Argumentaire
Aristote au-delÀ des frontiÈres
par Jean-Marc Narbonne
Aucun auteur de l’Antiquité, peut-être, n’a permis autant qu’Aristote de mettre en contact les êtres humains entre eux malgré les frontières du temps et de l’espace, à travers les barrières des langues et de leurs traductions, des cultures, des religions et des idéologies diverses. Aucun philosophe n’aura entretenu des visées aussi universalisantes et sans frontières. C’est le cas, notamment, dans le domaine de la métaphysique, de la logique, du politique ou de la poétique.
En métaphysique, le questionnement poursuivi sur l’étant en tant qu’étant, sur les causes de l’être en général et sur tout ce qui relève de l’universel – c’est-à-dire du καθόλου – témoigne d’une volonté de se dégager de tout particularisme pour atteindre la scientificité la plus exigeante et la plus englobante.

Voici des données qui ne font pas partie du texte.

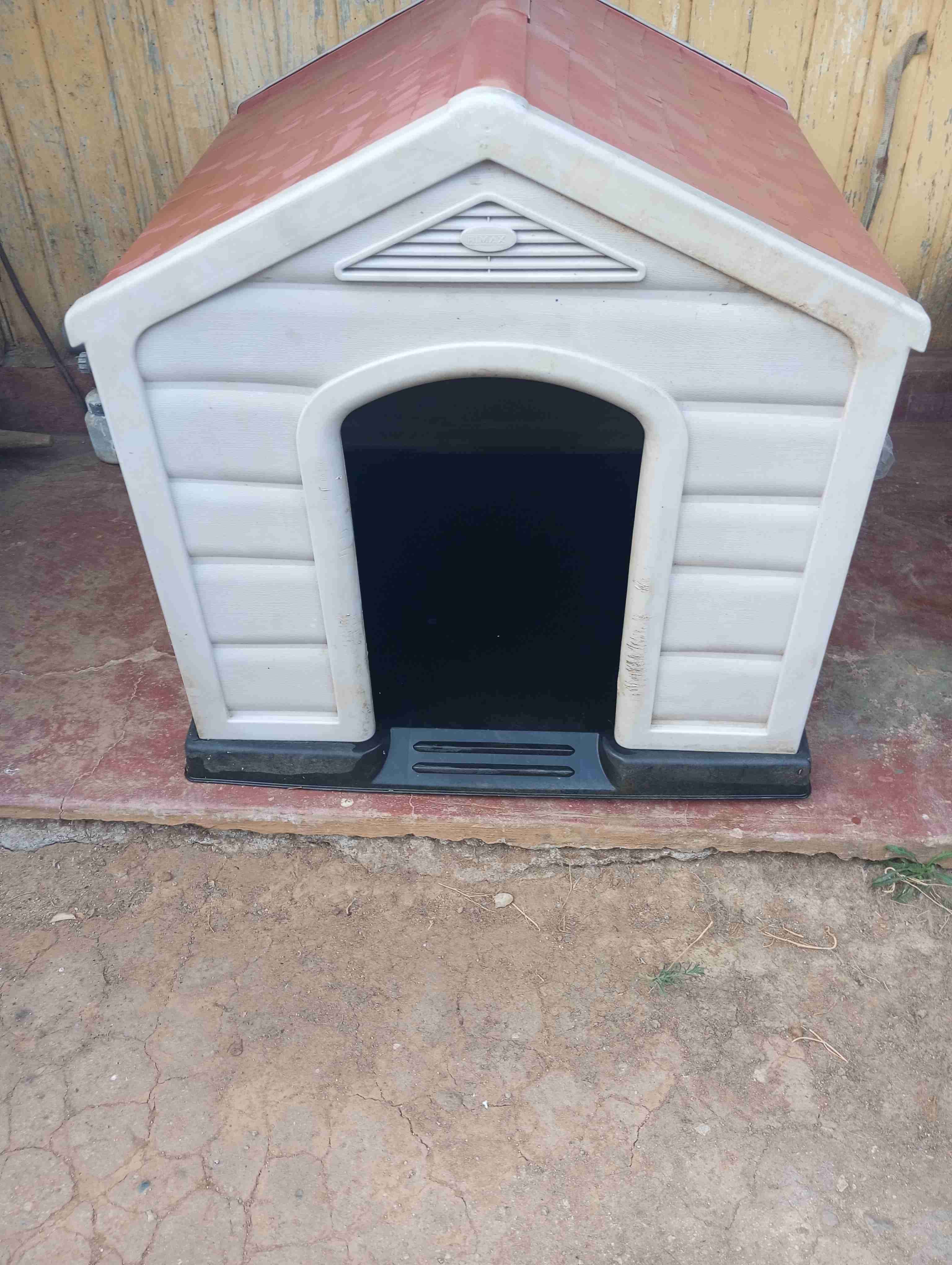 Casa de perro de plástico, techo rojo. Ideal para exteriores, en buen estado.
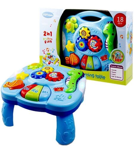 Table à musique pour bébé, jouet éducatif, Machine d'apprentissage de la musique, Instrument de musique pour tout-petit de 6 moisCaractéristiques:1. Clé de commutateur de musique de rotation de 360 degrés: l'engrenage et l'étoile de mer peuvent tourner de 360 degrés pour exercer la flexibilité des doigts du bébé, des motifs de dessin animé vifs et augmenter l'intérêt du bébé pour les jouets.2. Touche de coupe de musique de tortue Flexible et vive: elle peut pousser la tortue de haut en bas, et sera accompagné de la commutation de la musique pour exercer la capacité pratique et apporter une musique merveilleuse au bébé en même temps.3. Le poisson de dessin animé à bouton-poussoir est mignon et vif: appuyer sur le poisson à gauche et à droite peut changer de musique et produire différents effets sonores pour exercer la capacité de coordination main-cerveau du bébé.4. Équipé de pieds de table, démontage et assemblage faciles: les pieds de table peuvent être démontés et installés, ce qui est pratique pour le transport et l'utilisation. En même temps, il peut également exercer la capacité pratique du bébé et la capacité de construction d'objets lors du démontage et du montage.5. Avec sangle, il peut être accroché au chevet: il y a deux sangles à l'arrière, et la longueur de la sangle peut être ajustée à travers le trou de vis, qui peut être accroché à une longue tige. Description:Avec sa taille légère et portable, ce bureau d'apprentissage précoce est facile et pratique à transporter et à utiliser. Spécifications:Taille: 26.7*25*16cmÂge Applicable: plus de 18 moisType de batterie: 3 * piles n ° 5 (fournies par vous-même) Emballage Inclus:1 * bureau d'apprentissage précoce (sans batterie)Notes:1. Veuillez permettre une erreur de 0-1 pouce en raison de la mesure manuelle. Merci de votre compréhension.2. Les moniteurs ne sont pas calibrés de la même manière, la couleur de l'article affichée sur les photos peut être légèrement différente de l'objet réel. ...

La logique est par elle-même universelle dans la mesure où elle est de nature formelle, or c’est Aristote qui entame ce chantier en recourant à la langue naturelle pour formaliser. La logique est aussi universelle dans son but : aboutir à une proposition affirmative universelle vraie, atemporelle et nécessaire. L’on peut aussi faire remarquer que la manière dont naît l’universel, que l’universalisation de la science elle-même, n’est pas sans implication politique. Il ne s’agit pas là de paroles vides : rien n’a autant favorisé ni encouragé l’échange et la communication interculturelle que l’établissement d’une grammaire universelle pour la pensée scientifique.
La double dimension, universelle/particulière, se retrouve également dans sa physique et sa biologie, surtout dans les Parties des Animaux, en lien par exemple avec les questions de méthode : d’abord aborder ce qui est le plus commun, les fonctions ; et ensuite leur particularisation dans les genres ou les espèces.

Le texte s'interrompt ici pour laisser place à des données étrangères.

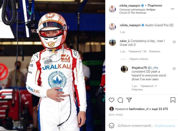 Еще три болида сошли с дистанции по ходу гонки, поэтому позиции гонщиков Haas не 19 и 20, а чуть повыше. Мазепин объяснил свой проигрыш напарнику по команде слишком длинным пит-стопом на первом же круге — у гонщика оторвался подголовник. С такой поломкой пилотировать болид запрещено правилами, поэтому Мазепин был вынужден свернуть в боксы и ожидать, когда механики устранят неполадку. Это отбросило его далеко от хвоста пелетона. «Во втором повороте первого круга в машине оторвался подголовник. Он поднялся и закрыл мне оба зеркала — мне пришлось спрашивать у команды, есть ли вокруг другие машины — я просто не знал, куда могу сместиться. Пит-стоп для закрепления подголовника стоил мне потери 25 секунд, после чего я ехал в одиночестве и пытался проехать дистанцию с одним пит-стопом, но при столь жаркой погоде и с такими шинами это оказалось невозможно», — рассказал Мазепин. Однако это не единственные проблемы, с которыми пришлось столкнуться гонщику из России, дебютанту «Формулы-1», во время этапа в США. Проблемы начались еще раньше, когда Мазепину отказывали в американской визе. Для ее получения ему пришлось отправиться в Мексику и пропустить выходные с семьей. С аналогичными проблемами перед этапом W Series столкнулась и российская гонщица Ирина Сидоркова. Ее в итоге так и не пустили в США. Все же попав на этап в Остин Мазепина ждали новые приключения. Во время тренировок у него возникли проблемы с шлемом. «У меня большие проблемы с экипировкой Bell в этом году, с визорами. Иногда они поставляют бракованную деталь, и с правой стороны она пропускает воздух. На скорости 330 км/ч он бьет точно в открытый правый глаз. Естественно, он начинает слезиться и выделять много жидкости, а потом краснеет — не слишком приятно. Ощущение, словно едешь на мотоцикле без защитных очков», — рассказал Никита. Неудачи не закончились и на этом. Во время второй сессии свободных заездов у Мазепина вдруг раскалились педали. Он тут же пожаловался на проблему команде по радио. «Просто плачу в машине, ступни горят. Как если бы они стояли на чем-то очень горячем. Нужно расследовать», — отчитался Никита. За пять гонок до конца своего дебютного сезона Никита Мазепин занимает последнюю строчку личного зачета пилотов. Несмотря на неудачный сезон, команда уже продлила контракт с гонщиком на следующий год, в надежде что машины команды нового поколения станут более конкурентноспособными, а гонщики наберутся опыта.
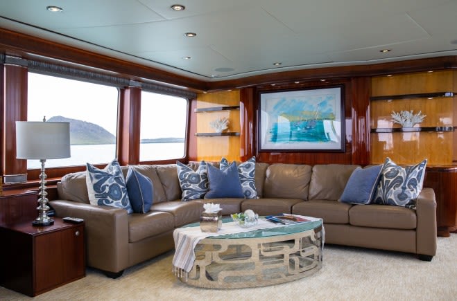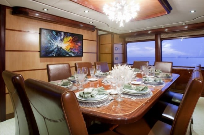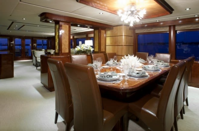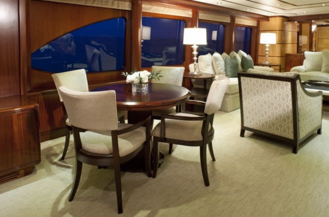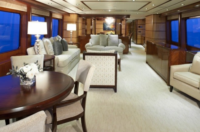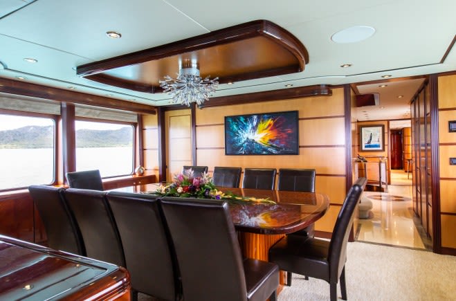 Ширина салона от борта до борта, в нем установлен самый современный телевизор с боковой подсветкой и ЖЛ экраном с диагональю 46”, также по левому борту расположен комфортабельный лаунж. Обеденная зона открытой планировки позволяет накрыть стол на 12 персон, она расположена перед салоном.
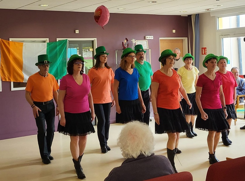 | Ce 15 mars, c'est dans la joie et la bonne humeur que nous avons présenté quelques danses irlandaises à la résidence La Source Du Breuil à Ste Marie Aux Chênes. La St Patrick approche !!! Heureusement pour nous, contrairement au drapeau que l'on voit sur cette photo, nos têtes n'étaient pas à l'envers et nous avons pu effectuer une belle prestation bien applaudie par les spectateurs.

Le même souci s’affiche dans le domaine politique, dans la mesure où l’enquête poursuivie sur le passage de l’individu à la famille, de la famille au village puis à la cité proprement dite, vise la vie humaine considérée globalement et sous tous ses aspects, sans oublier la considération dans le tableau d’ensemble des peuplades et des mœurs les plus exotiques. Surtout, dans sa définition de ce qui représente l’essence même du citoyen et de ce qui constitue la nature propre d’une cité, il est bien clair qu’Aristote entend parler de toutes les communautés humaines et cela pour tous les temps.

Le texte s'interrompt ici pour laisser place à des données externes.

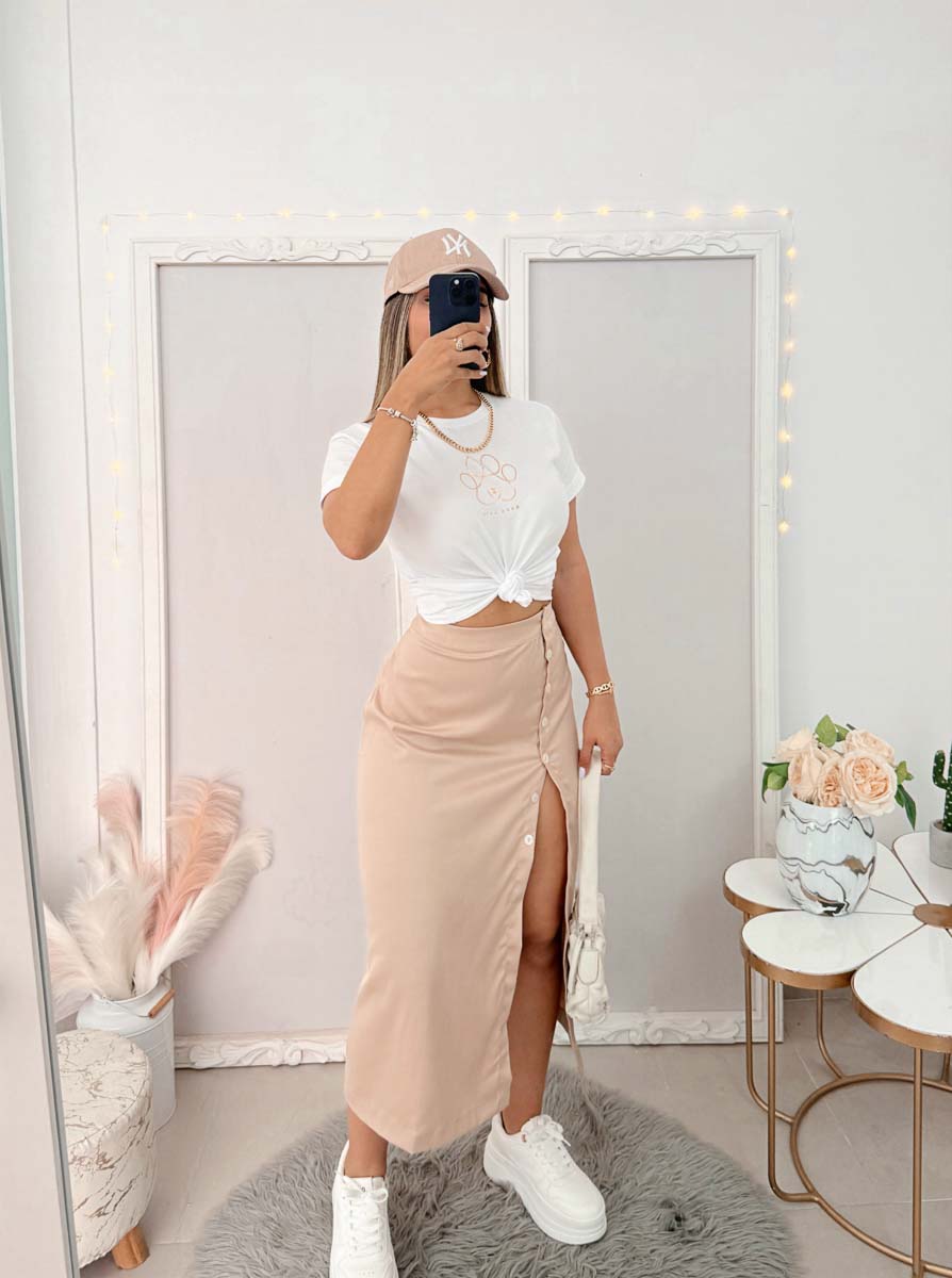 1- Diseño sofisticado: Falda dorada con un brillo delicado que aporta un toque de glamour único.

Dans l’ordre du poétique ou du poiétique, bref du faire, du créer ou du concevoir, l’on voit aussi Aristote tenter de remonter au principe originel de tous les arts, qu’il s’agisse de la poésie au sens étroit ou de la musique, de la peinture, sculpture, danse, etc. Non seulement l’enquête sur le ποιεῖν dans ses différentes manifestations ne connaît pas de frontières, mais elle est mise en rapport sur le plan épistémologique avec les autres facultés humaines, théorétiques et pratiques, dans la volonté de poser les choses telles qu’elles sont en elles-mêmes dans leur universalité la plus absolue.
De là l’intérêt d’un Call for Papers pouvant mettre en évidence des axes de recherche convergents et communs pour les aristotélisants du XXI siècle. Les contributions en vue auront à cœur d’attirer l’attention sur les aspects les plus généraux et les plus universels de la pensée aristotélicienne, quel que soit le domaine spécifique visé.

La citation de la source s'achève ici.